What you can do is add a breakpoint before L477:

        try:
            import pdb; pdb.set_trace()  # <-- add this line
            vmhash = getattr(api_node, 'qemu').create(**mutable_config)
        except ResourceException:
            log.exception(

Then you can try running the code above manually, whilst leaving out one or more arguments.

E.g.

(pdb) mydict = {'smbios1': 'uuid=9bdc528d-3a9a-424c-8cb7-5944832d741e', 'tags': 'prod', 'ostype': 'l26', 'boot': 'cd', 'sockets': 1, 'numa': 0, 'name': 'kvm09-xxx--CREATING', 'bootdisk': 'scsi0', 'net0': 'virtio=12:05:48:BF:7E:91,bridge=vmbr1,firewall=1', 'onboot': 1, 'meta': 'creation-qemu=6.1.0,ctime=1643742755', 'cores': 1, 'memory': 2048, 'agent': '1', 'vmid': 128}
(pdb) tmpdict = mydict.copy()
(pdb) del tmpdict['tags']
(pdb) api.nodes("px03/qemu").create(**tmpdict)

If that works, then the new proxmox doesn't handle the tags parameter.

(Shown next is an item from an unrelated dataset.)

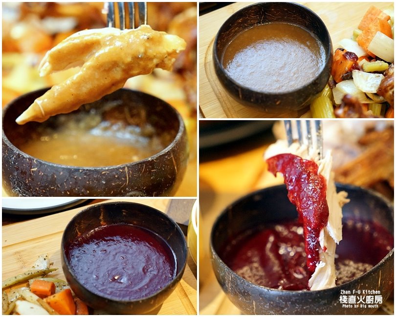 ▼另外也可以搭配醬料享用,一種是濃縮火雞肉加上蔬菜精華的火雞肉汁,另外一種則是以新鮮蔓越莓、柳橙汁與砂糖所熬煮而成的蔓越莓醬;搭配火雞肉汁吃起來不僅鮮香甜美,肉汁香味更加濃郁,加上蔬菜的甜美更是提味不少!

wdoekes commented 2 years ago

Also, you'll likely want one of these fixes, so you get useful info from the proxmox 400 error:

https://github.com/ossobv/proxmove#debugging https://github.com/proxmoxer/proxmoxer/commit/6c980a9f9c364f4f317924f0425f87ba16fbeb6f https://github.com/swayf/proxmoxer/pull/83/files https://github.com/swayf/proxmoxer/pull/55/commits/065ec5963189da3a7cf5e7c93f154033a1ba9fff

megabert commented 2 years ago

Thanks for the support. The patch for the issues you hinted for additional debug info is already applied to my proxmoxer Version.

I created a new test-VM.

The issue is caused by the "meta" key:

(Pdb) mydict = {'ostype': 'l26', 'smbios1': 'uuid=5142e2cd-6f73-4ddc-abce-eb75805c3cbb', 'boot': 'cd', 'net0': 'virtio=CA:50:BA:45:1E:88,bridge=vmbr0,firewall=1', 'name': 'testvm--CREATING', 'numa': 0, 'scsihw': 'virtio-scsi-pci', 'sockets': 1, 'cores': 1, 'meta': 'creation-qemu=6.1.0,ctime=1643811510', 'memory': 2048, 'vmid': 128}
(Pdb) tmpdict = mydict.copy()
(Pdb) self.api.nodes("px03/qemu").create(**tmpdict)
*** proxmoxer.core.ResourceException: 400 Bad Request: Parameter verification failed.
(Pdb) del tmpdict['meta']
(Pdb) self.api.nodes("px03/qemu").create(**tmpdict)
'UPID:px03:000B75E2:097D2D73:61FA9776:qmcreate:128:adminrobot@pve:'

A "meta" - Key is not listed in Proxmox PVE API Viewer:

https://pve.proxmox.com/pve-docs/api-viewer/index.html#/nodes/{node}/qemu

This may serve as a first workaround:

+++ proxmove    2022-02-02 15:53:26.243581105 +0100
@@ -466,6 +466,7 @@
         # Guess new VMID, set id and name.
         vmid = self.get_free_vmid()
         mutable_config['vmid'] = vmid
+        del mutable_config['meta']
         mutable_config['name'] = name_with_suffix
         assert 'hostname' not in mutable_config, mutable_config  # lxc??
wdoekes commented 2 years ago

Nice going. This commit should fix it for you.